The physico-chemical properties of solid–electrolyte interphase (SEI) dominate the interfacial reactions and charge-carrier-transportation, both being crucial to the lithium/sodium battery performance. The detailed understanding of SEI chemistry and structure, especially for the new generation batteries such as sodium-ion-batteries (SIBs) [1] is still under debate, to great extent due to the lack of adequate in-situ nanoscale characterisation tools [2]. The progress is further complicated by the diversity of surface reactions taking place in interlinked sequences varying for different battery formation protocols, the state of charge/discharge and the type of anode active materials and electrolytes.
To understand the nanoscale details of the formation mechanism behind different SEI structures, here we introduce a novel approach of scanning probe microscopy based “3D operando nanorheology” [3]. It allows direct nanoscale characterisation of SEI formation by revealing 3D structure (organic/inorganic moieties within the SEI layer), quantifying the nanomechanical properties of SEI organic and inorganic components, and providing a common denominator for evaluating the SEI properties (mechanical, thermal, electrical) formed on lithium/sodium battery anodes.

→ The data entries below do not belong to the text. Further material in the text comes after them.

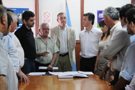 Locales | Eduardo Aguilar junto a su par de Gobierno, Juan Manuel Pedrini, presenció la entrega de las primeras credenciales a los gremios y sindicatos que se suman a la Ley de Controladores Laborales. El controlador acompañará al funcionario de la Dirección de Trabajo y confeccionará el acta en casos de irregularidades para dar lugar a un expediente y un plazo estipulado para que la empresa corrija la falta.
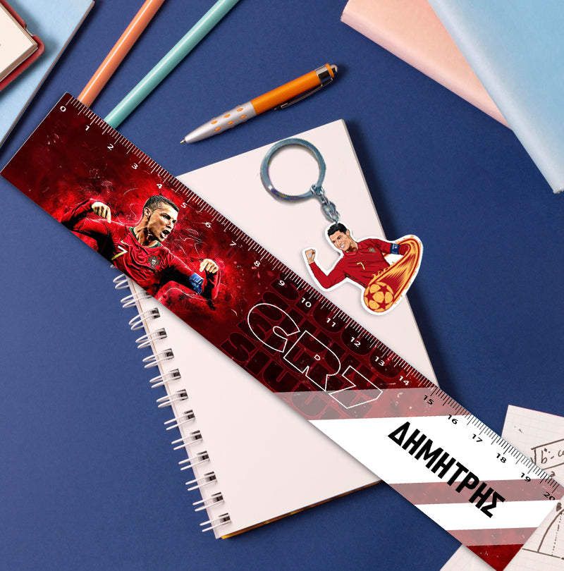 Προσωποποιημένος χάρακας Ronaldo με το όνομα και ασορτί μπρελόκ! To πιο τέλειο αξεσουάρ για το σχολείο ή το φροντιστήριο!
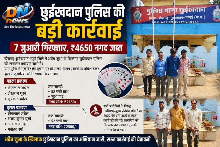 खैरागढ़-छुईखदान-गंडई जिले में अवैध गतिविधियों के खिलाफ पुलिस की सख्त कार्रवाई जारी है। इसी क्रम में थाना छुईखदान पुलिस ने ग्राम पुरेना में जुआ खेल रहे लोगों पर दबिश देकर दो अलग-अलग प्रकरणों में कुल 7 आरोपियों के खिलाफ कार्रवाई की है। पुलिस ने मौके से कुल ₹4650 नगद, 52 पत्ती ताश और जुआ फड़ जब्त किया है।
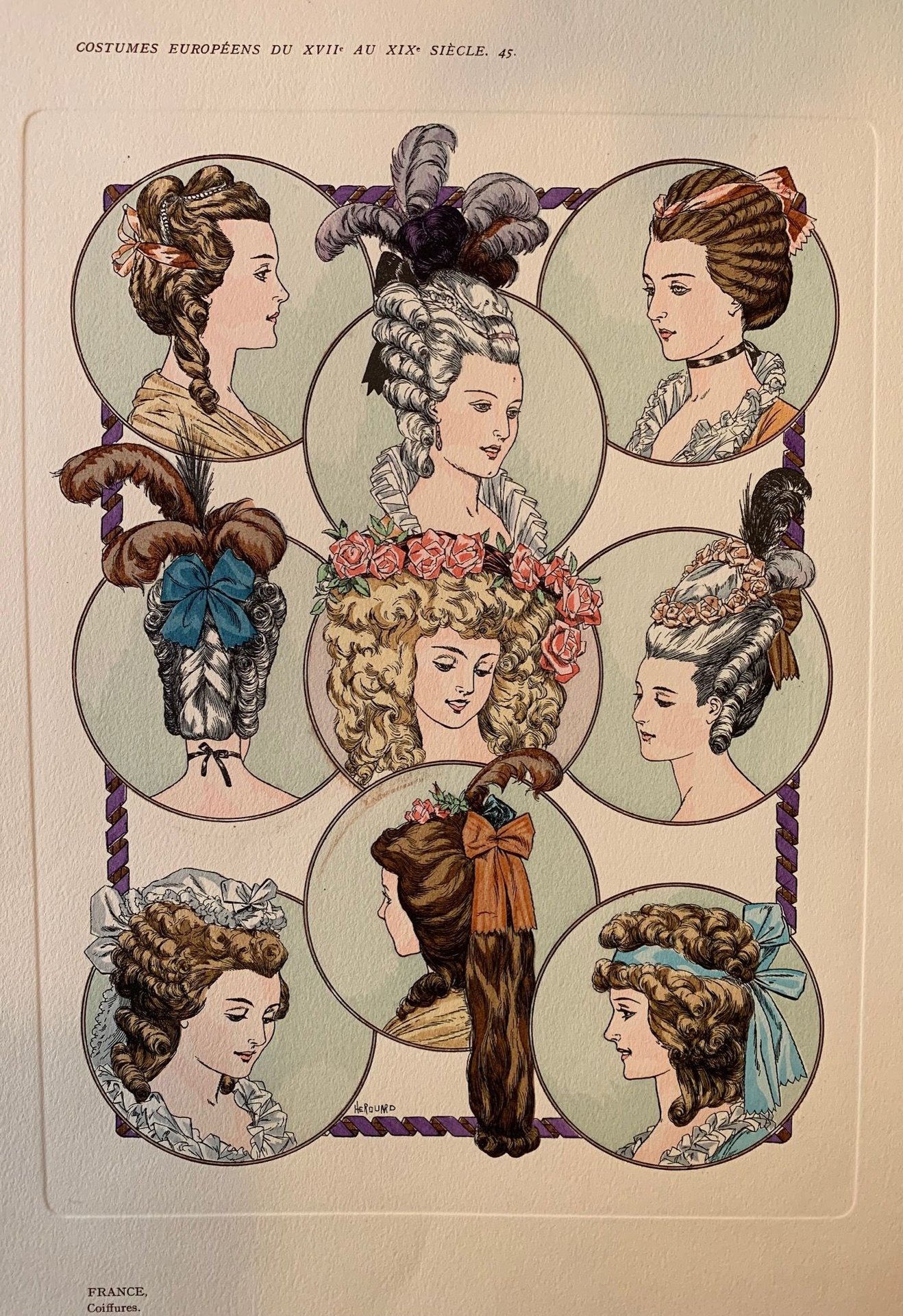 >Riproduzione dell'incisione originale di Herouard, raffigurante acconciature femminili e vari stili tratta da "Costumes Européens du XVII au XIX siècle. Misure 27 x 20 cm e grandi margini.

By using new methodology, we were able to directly observe that the SEI formation on the non-intercalation graphitic carbon basal plane follows the impurity adsorption nucleation and precipitation mechanism resulting in a 3D nano-mosaic and multilayer hybrid structure with randomly mixed organic and inorganic SEI layer. This was very different to the intercalation-active graphitic carbon edge planes where the ion intercalation assisted electrolyte salt decompositions resulted in a single inorganic layer. On the other hand, the SEI formation on the electrochemical deposition based new-generation Li/Na anodes showed more complicated and dynamic structures. In this case, the interface structure varies during the Li/Na plating and stripping, and highly depends on the electrolyte solvent structures within the inner Helmholtz layer. By further comparing the nanomechanical/rheology properties of SEI formed on various carbon, lithium and sodium metal anodes, we deduce the intrinsic material properties of SEI layers such as elastic moduli, plasticity and relaxation time, predicting the SEI quality in commercial batteries after their formation by correlating quantitatively measured nanoscale SEI properties with the battery performance. This novel “3D operando nanorheology” characterization methodology provides a novel paradigm for battery community, that can be effectively used for SEI measurements in different type of battery electrode-electrolyte systems. Predicting the SEI quality based on this new methodology will be extremely beneficial for selecting a new electrolyte, optimising formation process and reducing the time and cost of battery formation process.